Your assignment :: Transcribe everything in the listing as written, and let no image into the copy.

Data excerpt ::
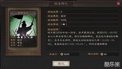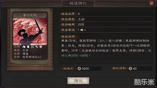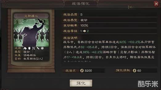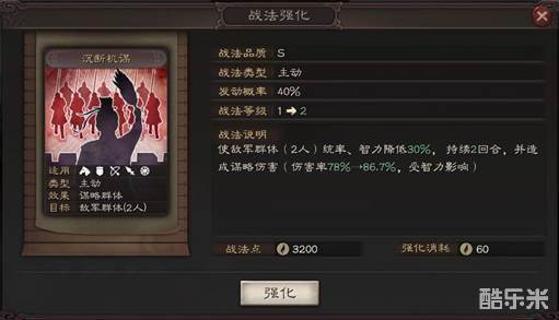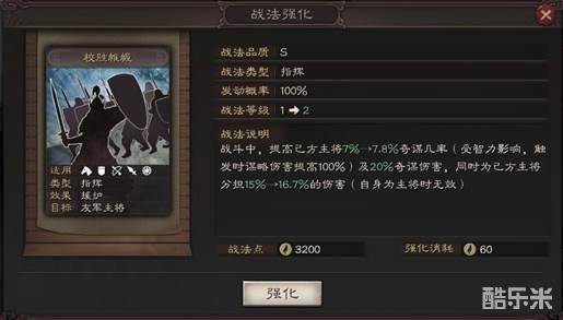 战法特性:战斗中,为己方主将分担伤害的同时,提高主将奇谋几率(触发时谋略伤害提高100%)以及奇谋伤害。
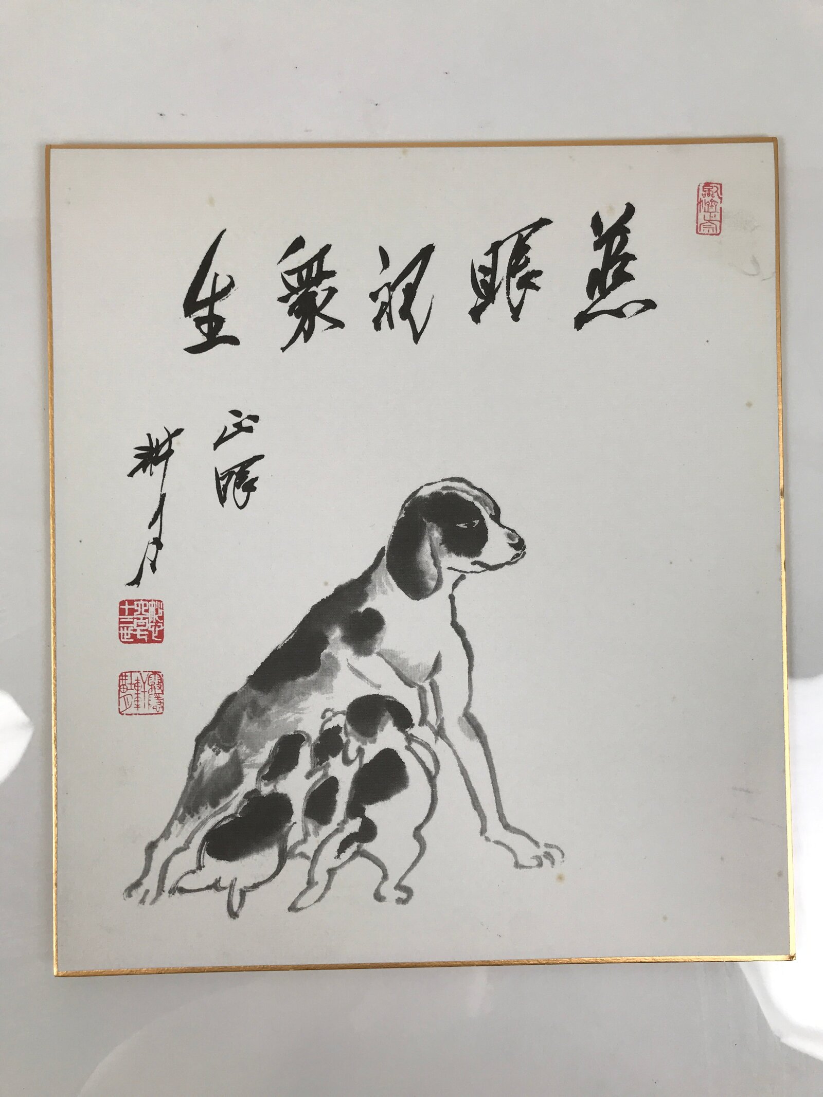 This Japanese shikishi art board features a printed reproduction of an artwork, likely by Tani Kogetsu, the head priest of the Myoshinji temple of the Rinzai Zen school in Japan. The artwork represents a dog nursing puppies. There is a calligraphy on the top, likely a Zen phrase. This shikishi is signed with names and red seals.
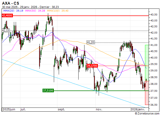 Le titre AXA a subi de lourds dégagements au cours des dernières séances et revient au contact de niveaux importants.

The completed task ::
 战法特性:战斗中,为己方主将分担伤害的同时,提高主将奇谋几率(触发时谋略伤害提高100%)以及奇谋伤害。
 This Japanese shikishi art board features a printed reproduction of an artwork, likely by Tani Kogetsu, the head priest of the Myoshinji temple of the Rinzai Zen school in Japan. The artwork represents a dog nursing puppies. There is a calligraphy on the top, likely a Zen phrase. This shikishi is signed with names and red seals.
 Le titre AXA a subi de lourds dégagements au cours des dernières séances et revient au contact de niveaux importants.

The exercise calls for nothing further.